Al2O3含量变化对CaO–SiO2–Cr2O3–Al2O3熔渣粘度及结构的影响

  • 通讯作者:

    张延玲    E-mail: zhangyanling@metall.ustb.edu.cn

文章亮点

  • (1) 系统地测量了CaO–SiO2–Cr2O3–Al2O3熔渣的粘度。
  • (2) 探索了Al2O3含量变化时熔渣粘度及结构的变化规律。
  • (3) 阐述了硅酸盐结构及铝酸盐结构变化与CaO–SiO2–Cr2O3–Al2O3熔渣的粘度之间的关系。
  • 熔渣粘度对冶炼过程中渣金反应的传质有着至关重要的作用,适当的熔渣粘度能够有效促进渣金反应,提升传质效率。为了促进含铬熔渣中铬的回收利用,本文使用柱体旋转法研究了Al2O3含量变化对CaO-SiO2-Cr2O3-Al2O3渣粘度和结构的影响规律。熔渣在高温下表现出良好的牛顿流体行为。
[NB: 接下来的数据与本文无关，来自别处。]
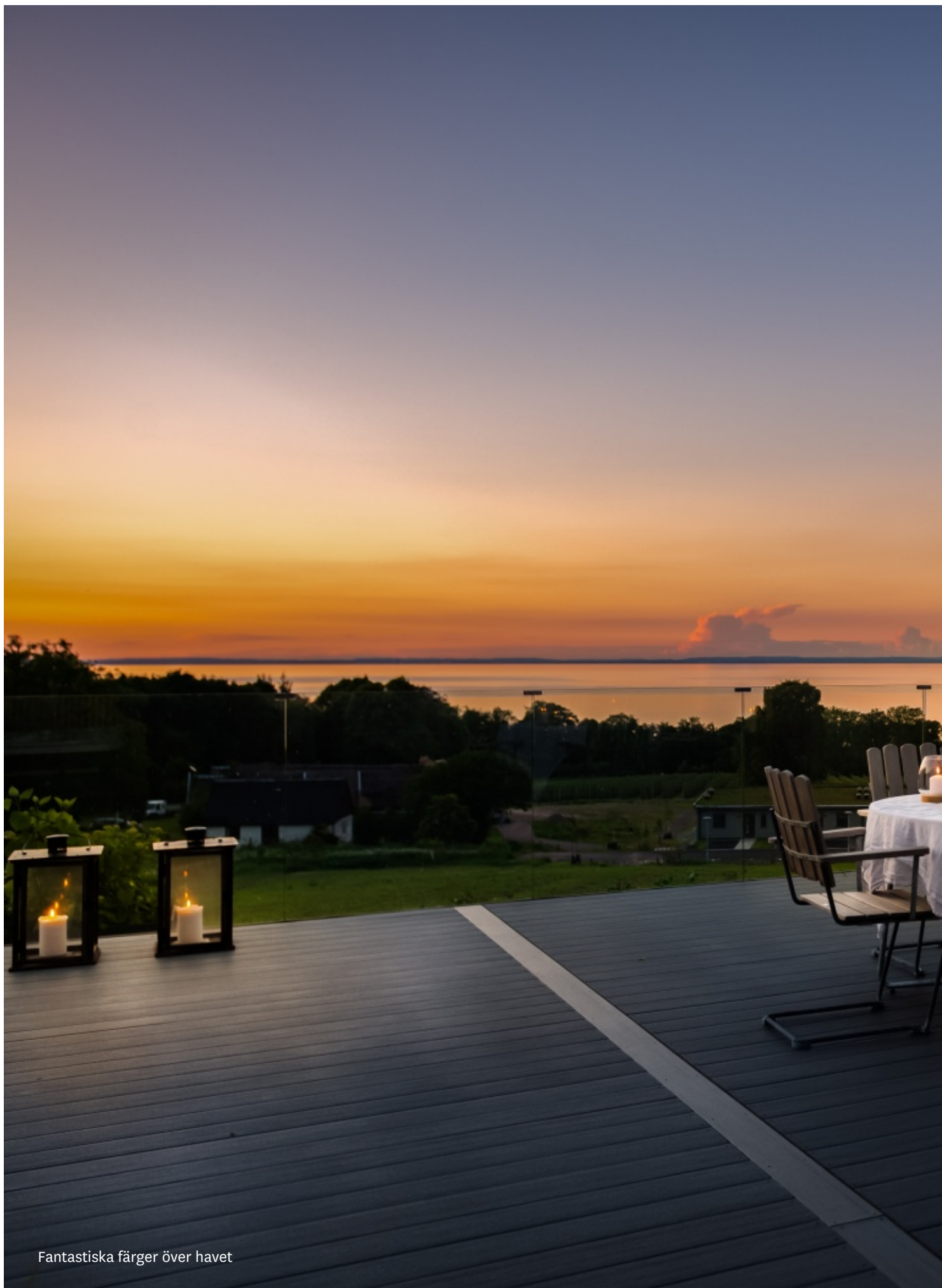
Fantastiska färger över havet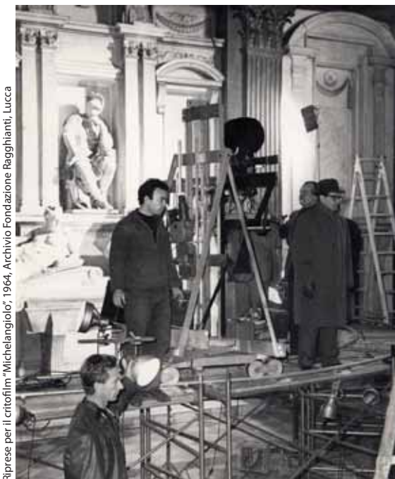
Riprese per il critofilm "Michelangiolo", 1964

Università degli Studi di Firenze Biblioteca di Scienze Tecnologiche Dipartimento di Architettura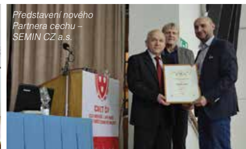
Představení nového Partnera cechu – SEMIN CZ a.s.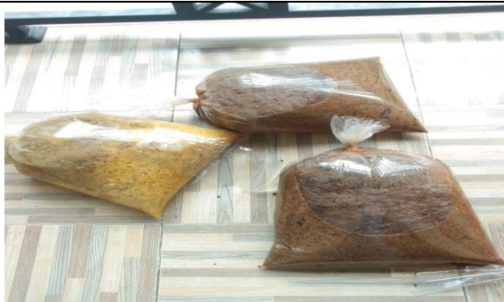
Limbah Buah Setelah di Blender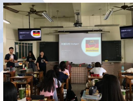
德國斯圖加特城市介紹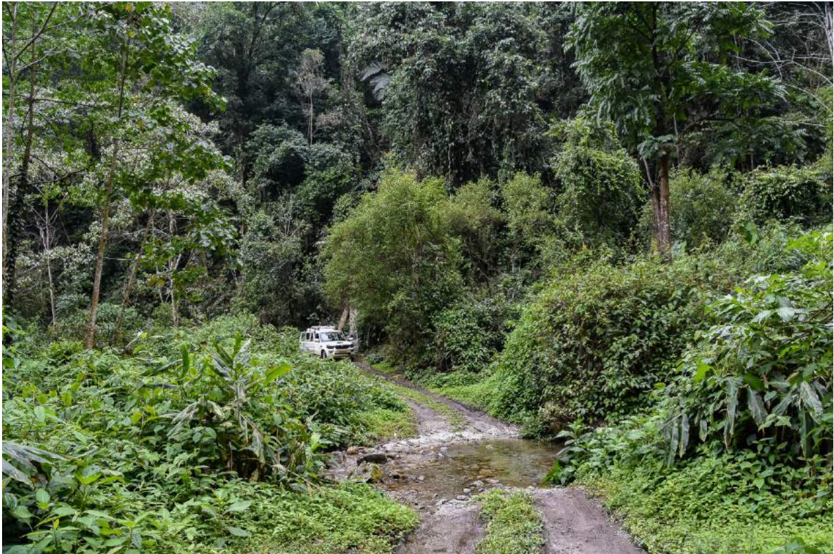
Bild 15. Skogen inom Eaglenest är helt fantastisk.

当Al2O3含量从0%增加到10wt%时,酸性渣的粘度首先从0.825增加到1.141 Pa·s,然后当Al2O3含量进一步增加到15wt%时,粘度降低到1.071 Pa·s。当Al2O3含量从0增加到15wt%时,碱性炉渣的粘度首先从0.084增加到0.158Pa·s,然后当Al2O3含量进一步增加到20wt%时,粘度降低到0.135 Pa·s。此外,含Cr2O3的炉渣比无Cr2O3的炉渣需要更少的Al2O3才能达到最大粘度;对于酸性和碱性炉渣,熔渣粘度达到最大值所需的Al2O3含量分别为10%和15%。熔渣的活化能变化规律与粘度结果一致。拉曼光谱表明,熔渣中仅有少量Al2O3时,Al以[AlO4]四面体形式出现,随着Al2O3含量的逐渐增加,[AlO4]四面体被[AlO6]八面体所取代,对硅酸盐结构的分峰解谱结果也与粘度结果一致。
  • Research Article

    Effect of Al2O3 content on the viscosity and structure of CaO–SiO2–Cr2O3–Al2O3 slags

    + Author Affiliations
    • The effect of Al2O3 content on the viscosity and structure of CaO–SiO2–Cr2O3–Al2O3 slags was investigated to facilitate recycling of Cr in steelmaking slags. The slags exhibit good Newtonian behavior at high temperature. The viscosity of acidic slag first increases from 0.825 to 1.141 Pa·s as the Al2O3 content increases from 0 to 10wt% and then decreases to 1.071 Pa·s as the Al2O3 content increases further to 15wt%. The viscosity of basic slag first increases from 0.084 to 0.158 Pa·s as the Al2O3 content increases from 0 to 15wt% and then decreases to 0.135 Pa·s as the Al2O3 content increases further to 20wt%. Furthermore, Cr2O3-containing slag requires less Al2O3 to reach the maximum viscosity than Cr2O3-free slag; the Al2O3 contents at which the behavior changes are 10wt% and 15wt% for acidic and basic slags, respectively. The activation energy of the slags is consistent with the viscosity results. Raman spectra demonstrate that [AlO4] tetrahedra appear initially and were replaced by [AlO6] octahedra with further addition of Al2O3. The dissolved organic phosphorus content of the slag first increases and then decreases with increasing Al2O3 content, which is consistent with the viscosity and Raman results.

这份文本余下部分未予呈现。